When: Monday, January 4, 8am—Thursday, January 7, 8am

Where: Everywhere! Facebook, Twitter, blogs, e-mail, YouTube, blip.TV, podcasts, anywhere and everywhere on the internet.

Why: To FIND SUSAN. To get her name, picture, and story into every household in North America and spread it across the world.

HOW YOU CAN HELP: Please send an e-mail to findsusanpowell@gmail.com.  You will receive an e-mail this weekend of instructions of what to do on Monday morning.  Basically, we’re asking people to do three things:

* If you have a blog, put up a short article about Susan (which we will send you) that will include links to Twitter, YouTube, and Facebook, along with a brand-new slideshow video and Susan’s “missing” flier.

* E-mail at least 5 of your friends with this information and ask them to help.

* If you’re on Twitter, tweet a link to your blog or other avenue for spreading Susan’s story.

We are also starting a ribbon campaign in conjunction with the blitz, which will also begin on Monday morning and continue indefinitely.  A press release about this will be issued this weekend, but basically we’re asking people to wear a purple ribbon, tie it around their trees, to their car antenna, and display it anywhere you can as a symbol of Susan.  Purple is one of her favorite colors.

One final word: I know there are many who think this “blitz” is a total, complete waste of time.  Everyone’s entitled to their own opinion, and that’s fine.  But would you at least consider helping us with this anyway?  It won’t take more than a few minutes of your time to e-mail 5 friends and put a short article up on your blog, if you have one.  What can it hurt?  And I believe it will help in a huge way.

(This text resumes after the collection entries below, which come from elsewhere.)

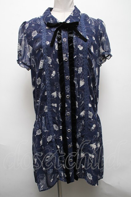 axes femme / 楽器柄チュニック 紺 S-25-04-28-026-AX-OP-HR-ZS
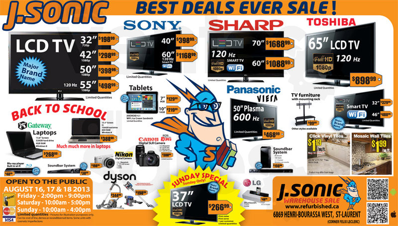 Don't miss J.Sonic best deals ever sale from August 16 to 18, 2013! TV’s, home theaters, tablets, coffee machines, cameras, vacuum cleaners, etc. Quality products, surplus & refurbished televisions, electronics and more at discounted prices!
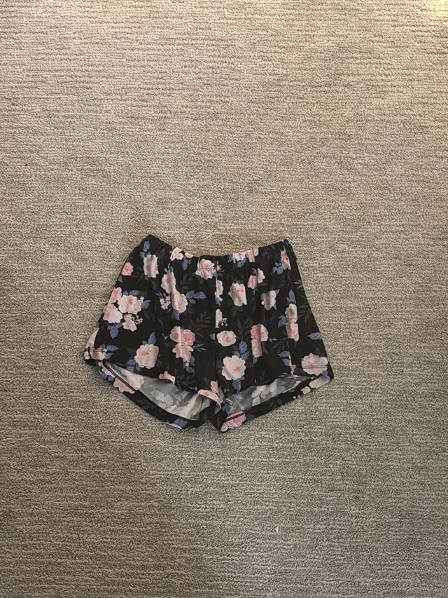 These are a stylish and comfortable pair of floral shorts, perfect for lounging or casual wear, and in good condition. The shorts feature a black background with a pattern of pink and white flowers, offering a cute and trendy look. The elastic waistband ensures a flexible and comfortable fit for various body types. Since this item is in good condition, I'm offering it at a reasonable price. If you are seeing this ad, rest assured, these floral wonders are still waiting to bloom in your wardrobe!
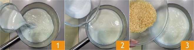 Um den Milchreis mit roten Früchten zuzubereiten, beginnen Sie damit, die Milch 1 und den Zucker 2 in einen kleinen Topf zu gießen, rühren Sie um und bringen Sie es zum Siedepunkt. Fügen Sie nun den Reis hinzu 3.
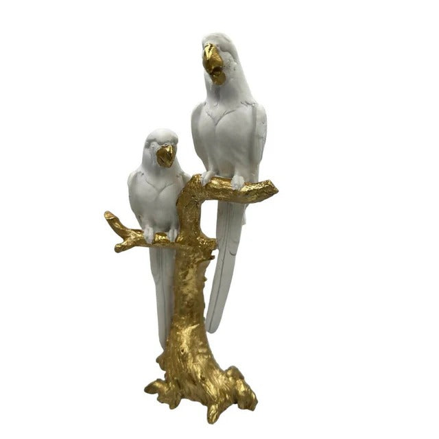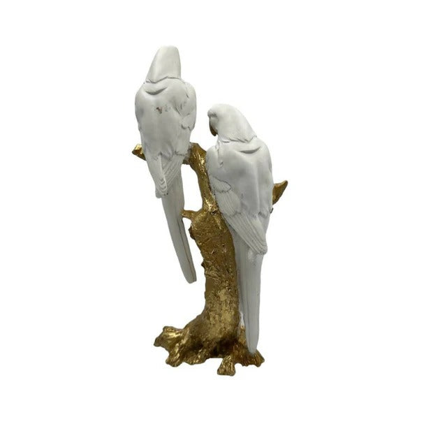 A Pair of White Parrots on Tree , Decorative Item For Table Top Display. Perfect For Table Top Home Decoration or Office Decoration.

I am personally grateful and I know Susan’s family is, too, for anyone who chooses to help us.  If Susan were here, she would be overwhelmed at all the love and support pouring in for her from across the world.  THANK YOU and please feel free to share links or quotes from this blog entry anywhere you need to for the purposes of this social media blitz.  We need everyone’s help.